I am stuck and not finding any documentation that helps with this. I setup logical directories for a user with the aws command line:
aws transfer --region us-east-1 update-user --user-name test1
--server-id "s-12345"
--home-directory-type LOGICAL --home-directory-mappings '[{"Entry":"/types/emptytype", "Target":"/bucket/somedir/empty_dir"},{"Entry":"/types/standardevent", "Target":"/bucket/somedir/users/${transfer:UserName}"}]'
This works well. I can log in see all the logical directories and upload/download files. I want to restrict the user to be able to upload/download but not be able to delete files, unless it is in a special directory called OUT.
I am generally finding that if I set any sort of policy (in above command line with –policy), no matter what it is, when I login to test, I can ls -l at the root, but can’t change to any other directories and see files.
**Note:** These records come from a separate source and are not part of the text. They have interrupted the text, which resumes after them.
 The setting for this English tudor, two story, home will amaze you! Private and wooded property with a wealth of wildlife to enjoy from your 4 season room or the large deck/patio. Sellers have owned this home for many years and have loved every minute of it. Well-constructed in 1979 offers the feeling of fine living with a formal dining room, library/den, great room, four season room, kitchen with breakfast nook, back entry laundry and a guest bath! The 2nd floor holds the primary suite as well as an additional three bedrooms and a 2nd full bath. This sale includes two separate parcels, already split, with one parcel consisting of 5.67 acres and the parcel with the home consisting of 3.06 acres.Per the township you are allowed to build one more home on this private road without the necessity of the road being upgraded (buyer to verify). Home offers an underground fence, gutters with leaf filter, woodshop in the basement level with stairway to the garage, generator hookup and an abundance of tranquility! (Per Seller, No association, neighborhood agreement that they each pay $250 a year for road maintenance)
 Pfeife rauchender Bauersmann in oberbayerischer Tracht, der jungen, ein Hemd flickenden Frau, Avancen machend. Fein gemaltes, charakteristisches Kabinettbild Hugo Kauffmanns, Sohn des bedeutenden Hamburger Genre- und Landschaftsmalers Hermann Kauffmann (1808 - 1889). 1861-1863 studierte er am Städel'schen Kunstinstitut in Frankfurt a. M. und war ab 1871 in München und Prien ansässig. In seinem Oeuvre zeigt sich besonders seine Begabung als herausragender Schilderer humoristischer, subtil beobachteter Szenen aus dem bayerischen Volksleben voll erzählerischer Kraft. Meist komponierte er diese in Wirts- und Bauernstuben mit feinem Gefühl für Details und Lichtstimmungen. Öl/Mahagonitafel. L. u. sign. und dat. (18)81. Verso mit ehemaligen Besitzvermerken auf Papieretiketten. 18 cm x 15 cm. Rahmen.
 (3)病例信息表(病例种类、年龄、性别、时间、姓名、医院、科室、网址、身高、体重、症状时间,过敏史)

Why does this break? It seems like the documents say that policies can be mixed with logical directories, but all the examples are trivial and don’t have multiple subdirs like mine above.
EDIT:
Setting a stupid policy:
aws transfer --region us-east-1 update-user --user-name test1
--server-id "s-12345"
--policy '{"Version": "2012-10-17","Statement": {"Effect": "Allow","Action": "s3:ListBucket","Resource": "arn:aws:s3:::amzn-s3-demo-bucket"}}'
--home-directory-type LOGICAL --home-directory-mappings '[{"Entry":"/types/emptytype", "Target":"/bucket/somedir/empty_dir"},{"Entry":"/types/standardevent", "Target":"/bucket/somedir/users/${transfer:UserName}"}]'
Breaks the SFTP:
sftp [email protected]
Connected to s-12345.server.transfer.us-east-1.amazonaws.com.
sftp> ls
types
sftp> cd types
sftp> ls
Couldn't read directory: Permission denied
Removing the policy restores working order:
sftp [email protected]
Connected to s-12345.server.transfer.us-east-1.amazonaws.com.
sftp> ls
types
sftp> cd types
sftp> ls
emptytype standardevent
sftp> cd standardevent
sftp> ls
1.tsv
2
Answers
try using aws s3api to check the bucket policy.
https://docs.aws.amazon.com/cli/latest/reference/s3api/ –> check the command for bucket policy here.
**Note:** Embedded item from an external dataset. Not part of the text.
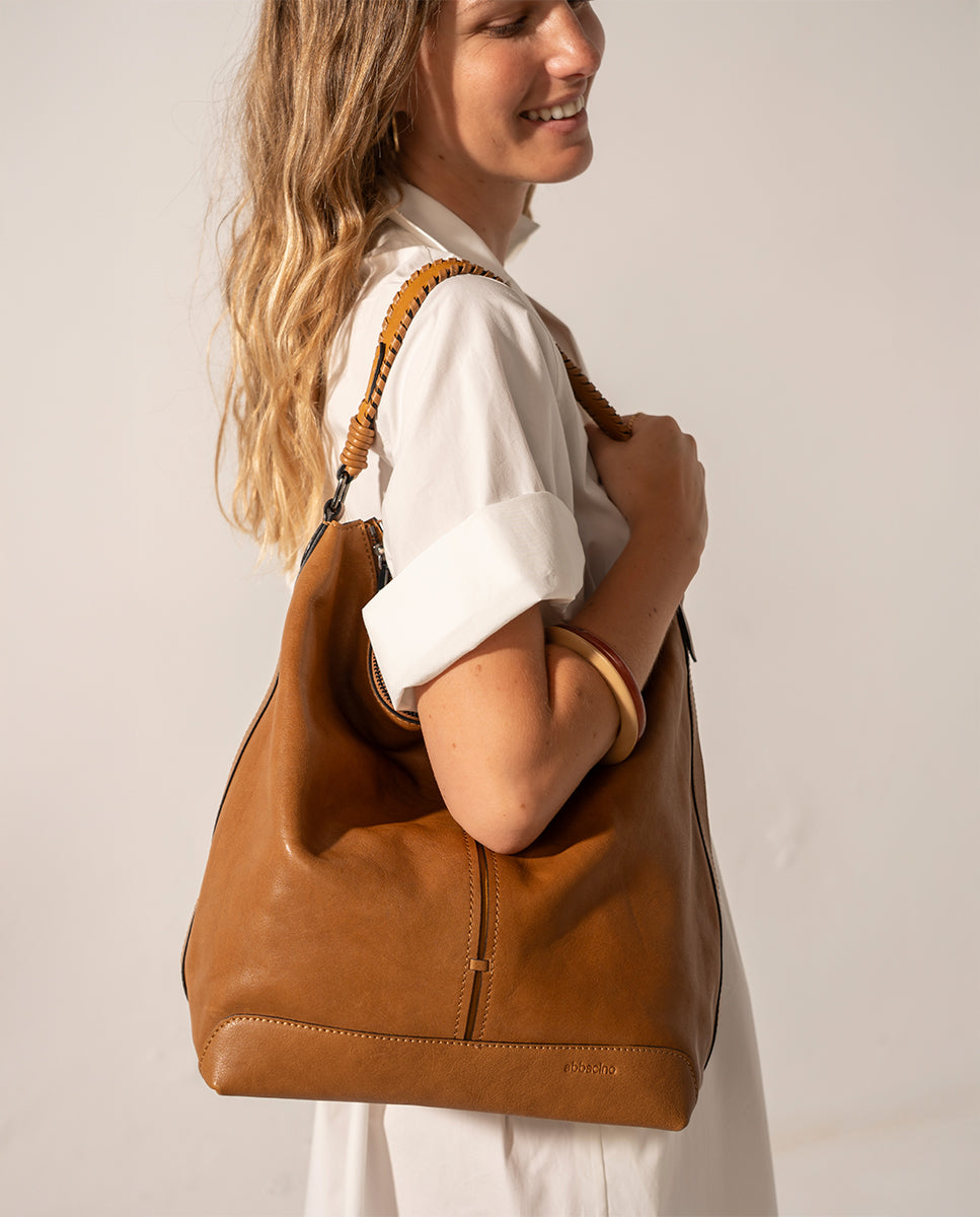Bolso de hombro en piel cognac

I believe something is missing in there that is causing permission denied.
I am running into the same issue, IAM policies that contain
${transfer:UserName}
break but if i replace it with the actual username it works. Based on this question I don’t think IAM policies on the transfer user role support variable interpolation.It looks like the recommendation is to remove these policies and rely on LOGICAL directories to chroot the user to just their specific folder. We weren’t satisfied with that from a security perspective as we still wanted restrictive IAM policies on the user’s role.
Instead, we had to create a policy per user that explicitly referenced their username without the interpolation variable. This ended up working!